Jay: And you hate the cops don’t you? (Author’s Note “The Cops” is Tom’s slang for “out-of-bounds stakes.”)

Tom: Yes, unless they make it out of bounds to keep people from entering certain areas because the foot traffic would cause a problem.

Jay: What is the craziest thing, the most “I cannot believe this is happening” moment that you have had to deal with while you were working on a project?

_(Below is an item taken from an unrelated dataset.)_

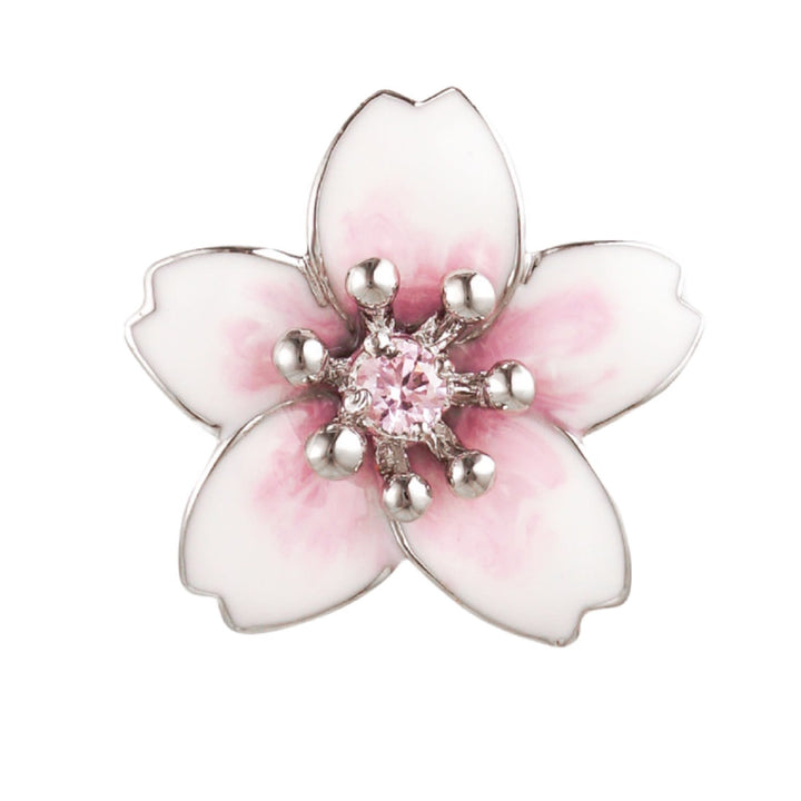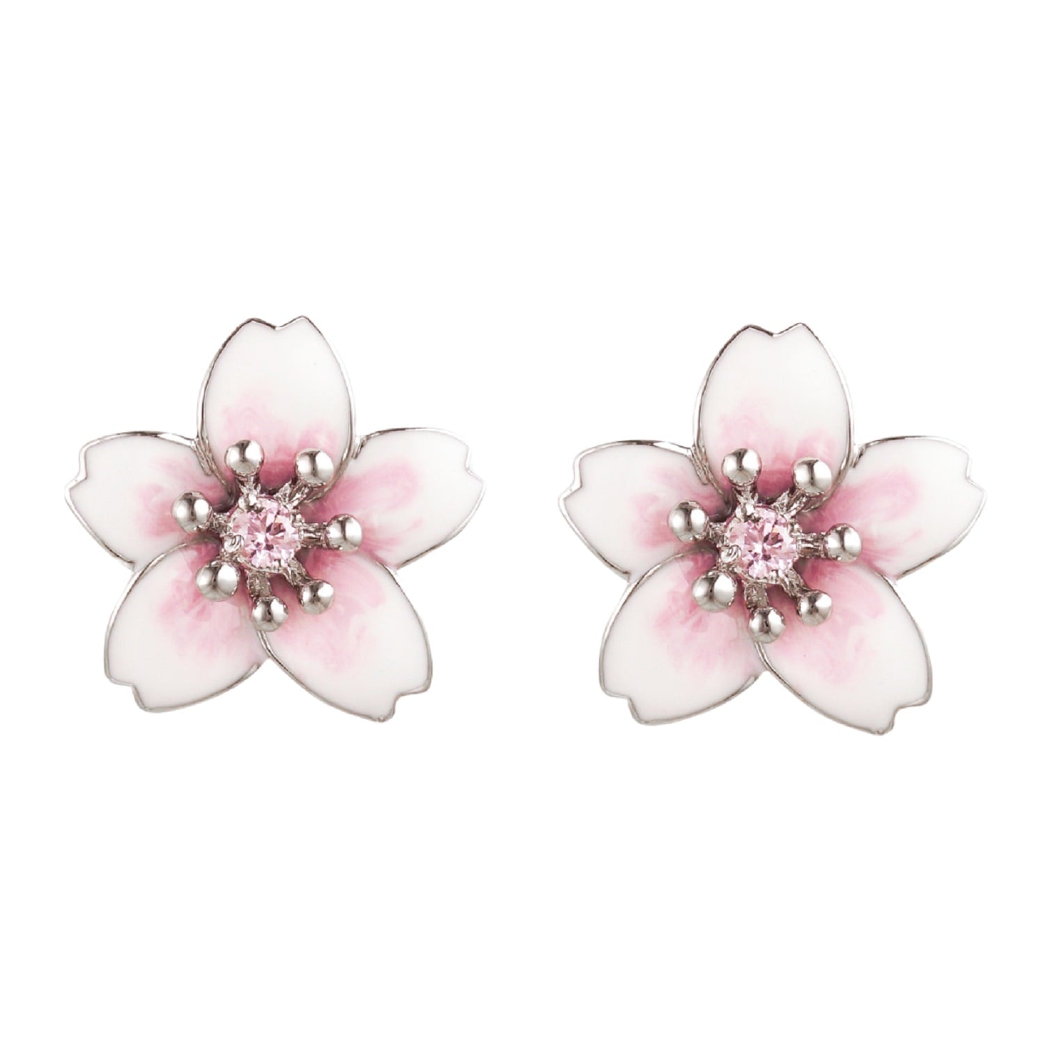 Zirconia & Enamel Flower Earrings, Series Sakura

Tom: I have had some odd environmental things over the years for a couple of them but I guess the funniest did not hold up the project. We were working on the planning for Apache Stronghold. The Apaches had this archeologist guide come out with us to look at where we wanted to hold this stuff and at one point were in the desert two hours from Phoenix, never having developed anything out there and we were walking around and at one point there was a bunch of little narrow desert washes going through and we walked through and in one of them there is this pile of rocks that has obviously been put there for something and I said to the archeologist what the hell is that and he said umm well in the 1930's in the Depression there were some MWP projects. Projects would get set up out there in the middle of nowhere just to pay people to work along some of these washes and that was probably one of them. Fortunately it wasn't old enough to be a true archeological artifact.